— Как Голтвянская гора?
— Выше… Как выйдешь, как встанешь… всю Украину видно.
— И о чем же ты там говорила, доченька, о земле не забыла сказать?
— Не забыла и о земле… Ни о чем не забыла.
— А Леонид тут кланяться тебе велел… тоже все на дорогу посматривал. И жалел очень, что так вышло, и радовался за тебя.
Василько, стоя на лавке, в наивном детском удивлении глядел на мать и никак не мог взять в толк, что у нее болит, о чем она плачет, почему большие сверкающие слезы одна за другой медленно катятся по ее пылающим, разгоревшимся щекам.
Окна давно оттаяли, в комнате полно солнца, а мама плачет…
— Мамо, мамо! — заговорил мальчонка встревоженно. — Скажите, а там, в Полтаве… есть солнце?
— Есть, есть! — сквозь слезы засмеялась Вутанька и еще крепче прижала сына к себе, осыпая его жаркими поцелуями.
XVIII
Быстро выздоравливал Данько в тихом домашнем лазарете. Мать нарадоваться не могла: на глазах оживает сын! И с людьми стал разговорчивее, и с ней приветливее. А в первые дни, бывало, слова от него не услышишь и родном доме, а держался как чужой, как постоялец. Часами лежал молчаливый, погруженный в себя, даже для матери недоступный. Больше всего тревожила мать эта его задумчивость. Сядет у окна, стриженый, долговязый, костлявый после болезни, уставится в оконное стекло, и видно, что мысли его уже далеко от материнской хаты, может, снова в степях, может, снова где-то со своим суровым полком.
Праздником стал для матери тот день, когда однажды, вернувшись с ведрами с реки, вдруг услышала, как в комнате кто-то потихоньку гудит, напевает… Сама себе не поверила — уж не послышалось ли ей?
Однако сомнений быть не могло: он!

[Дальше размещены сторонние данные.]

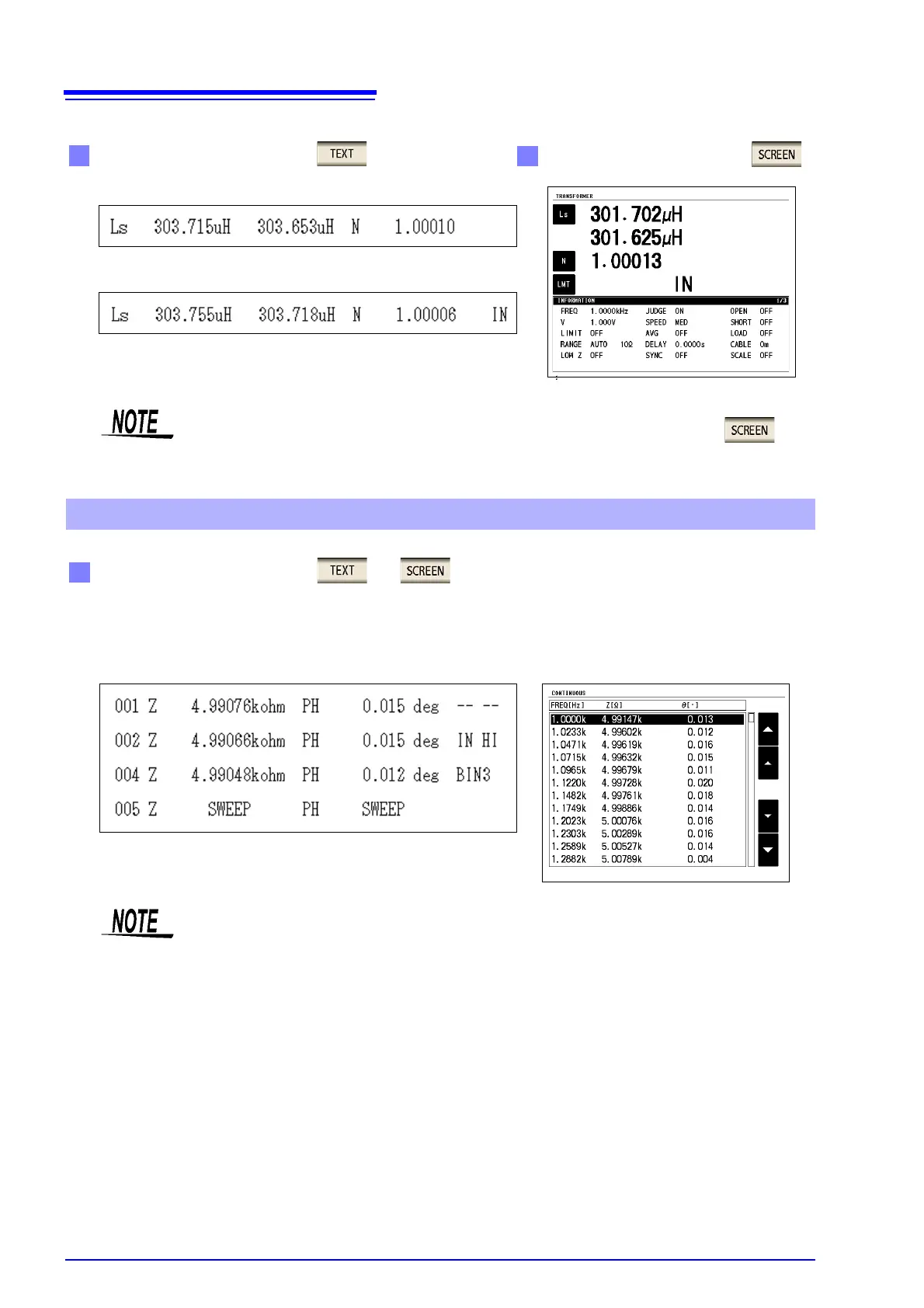 When measurement values are being displayed, they are printed as text.

Чей же еще, как не сына, этот юношески чистый, глубокий, задушевный тенорок:
Они ехали молча в ночной тишинеПо широкой украинской степи…
Чтобы не вспугнуть певца, остановилась, притихла в сенях у двери, взволнованно слушая, как возвращается он с песней к жизни, к своим товарищам далеким…
С той минуты, безмерно радуясь быстрому выздоровлению сына, уже не могла освободиться и от щемящей, с каждым днем нарастающей тревоги: чуяло сердце, что, как только окрепнут у сына крылья, не удержать его дома, снова улетит в широкий мир… Что же тогда ей останется?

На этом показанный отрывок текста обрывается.